The lawsuit also assumes that 30 percent of the trips had surge pricing. Again, this too appears to be inflated. So is the assumption that the average fleet size over a three- year period is 2,50,000— given that Ola’s fleet, in 2016, in one of it’s biggest markets (Delhi), after more than four years of phenomenal growth is 28,000. One shouldn’t expect the actual average fleet size to be over 1,00,000 cars. Rakesh and Co conveniently use Rs 12.50 as the official price mandated by the NCT of Delhi while according to the Delhi Traffic Police, it is Rs 25 for the first kilometre and Rs 16 per km for AC taxis.
The Press Release by the petitioners proclaimed— “Class Action Lawsuit for Rs 9,239 Crore filed against Uber-Ola in National Consumer Commission – Kejriwal ki Ola Uber se Setting”. It is, indeed, entertaining to see Kejriwal’s tactics being used against him by his opponents. This leads me to the conclusion that the assumptions were taken in a manner that the arithmetic would produce an outrageous figure to use for press coverage, and that the important part of the lawsuit isn’t the outrageous amount of money that it demands as a refund but the proof given by the petitioners of surge pricing after 22 August.
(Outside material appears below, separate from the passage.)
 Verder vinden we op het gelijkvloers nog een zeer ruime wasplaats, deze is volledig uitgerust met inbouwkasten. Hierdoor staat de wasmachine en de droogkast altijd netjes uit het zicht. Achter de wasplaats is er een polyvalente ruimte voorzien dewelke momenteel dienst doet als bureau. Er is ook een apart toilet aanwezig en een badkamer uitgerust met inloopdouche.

Rakesh and Co further claim: “It is only a matter of time before India’s transport sector is captured and controlled by a 100 percent foreign-owned Uber which will lease vehicles to the drivers’ who will be reduced to the status of bonded labour”. It’s as if one is reading The Hindu’s archives from the 1970s. They make such a claim based on an assumption that a China-like deal will take place in India and Uber will buy or merge with Ola to become a monopoly and start harassing drivers. They ignore the fact that even Uber’s resources are not endless and the price war and wealth transfer to drivers is already reducing.
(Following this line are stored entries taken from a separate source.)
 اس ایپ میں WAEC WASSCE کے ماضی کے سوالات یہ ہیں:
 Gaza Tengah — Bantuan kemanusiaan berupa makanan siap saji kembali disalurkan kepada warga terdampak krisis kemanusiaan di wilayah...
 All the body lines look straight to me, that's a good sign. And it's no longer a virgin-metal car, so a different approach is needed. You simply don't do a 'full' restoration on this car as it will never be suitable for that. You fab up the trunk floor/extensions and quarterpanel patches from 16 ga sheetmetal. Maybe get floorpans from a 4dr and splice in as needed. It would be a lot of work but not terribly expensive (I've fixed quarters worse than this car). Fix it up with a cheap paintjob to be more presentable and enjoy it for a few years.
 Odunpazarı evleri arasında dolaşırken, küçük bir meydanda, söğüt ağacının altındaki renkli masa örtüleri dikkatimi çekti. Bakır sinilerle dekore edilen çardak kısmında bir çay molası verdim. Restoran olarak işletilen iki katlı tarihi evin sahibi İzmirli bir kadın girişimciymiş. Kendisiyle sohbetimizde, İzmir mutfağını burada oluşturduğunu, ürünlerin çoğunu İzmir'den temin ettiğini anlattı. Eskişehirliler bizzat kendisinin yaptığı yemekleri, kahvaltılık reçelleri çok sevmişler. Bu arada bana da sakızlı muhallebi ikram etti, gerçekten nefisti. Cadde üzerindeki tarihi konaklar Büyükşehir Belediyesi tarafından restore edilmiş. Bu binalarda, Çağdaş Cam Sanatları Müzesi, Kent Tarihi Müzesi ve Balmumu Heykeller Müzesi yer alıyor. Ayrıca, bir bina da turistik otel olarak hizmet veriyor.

Moreover, even if one of the two companies achieves a monopoly position in the taxi aggregator industry, their behaviour will be constantly policed by competitors from other forms of transportation. Like, premium bus aggregators like ZipGo, threat of entry of new competitors with more cash like Reliance’s Jio and, most of all, business sense in not operating in a manner that would invite more regulatory interference. (One wonders if we can file a case against Google Chrome saying that they have a monopoly in the browser business).
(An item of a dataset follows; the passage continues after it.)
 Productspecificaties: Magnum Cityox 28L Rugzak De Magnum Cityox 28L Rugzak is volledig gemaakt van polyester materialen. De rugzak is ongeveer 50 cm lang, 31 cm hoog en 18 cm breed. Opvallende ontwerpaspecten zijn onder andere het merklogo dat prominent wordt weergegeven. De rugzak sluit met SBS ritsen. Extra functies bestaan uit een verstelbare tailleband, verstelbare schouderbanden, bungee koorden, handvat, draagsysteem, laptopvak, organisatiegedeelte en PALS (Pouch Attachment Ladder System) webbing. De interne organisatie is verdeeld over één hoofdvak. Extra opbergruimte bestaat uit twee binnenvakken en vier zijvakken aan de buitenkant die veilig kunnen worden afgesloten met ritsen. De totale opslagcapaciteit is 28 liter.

The lawsuit, despite the faulty math, is bad news for Uber, Ola and consumers at large.
Even the most ardent supporters of Uber and Ola (which includes this writer) have to admit that they have violated the Delhi High Court’s 11 Aug order banning surge. They are clearly in violation of the Motor Vehicles Act. Given how the Government of India recently notified rules allowing class action against companies, Uber and Ola will probably be facing more such lawsuits from busybodies all over India. Uber and Ola will, in all probability, stop or massively reduce operations in cities or localities where they have low margins. This is bound to have an impact on the long-term sustainability of these apps given that they are platform markets which profit only if they expand to reach an optimal size.
The best solution to the mess that is taxi regulation in India would not only be to desist from introducing price regulation and other cumbersome and unnecessary requirements for taxi aggregators like Uber and Ola but also to repeal the price regulation and other cumbersome and unnecessary requirements already in place for traditional taxi firms. It is such regulations which make traditional taxi services uncompetitive in the first place. Bringing about regulatory parity by imposing these regulations on taxi aggregators, instead of repealing them for everyone, is counterproductive and utterly moronic.
Shreyas Bharadwaj is a Hindutvawadi from Mysuru who is interested in writing about cities and public policy.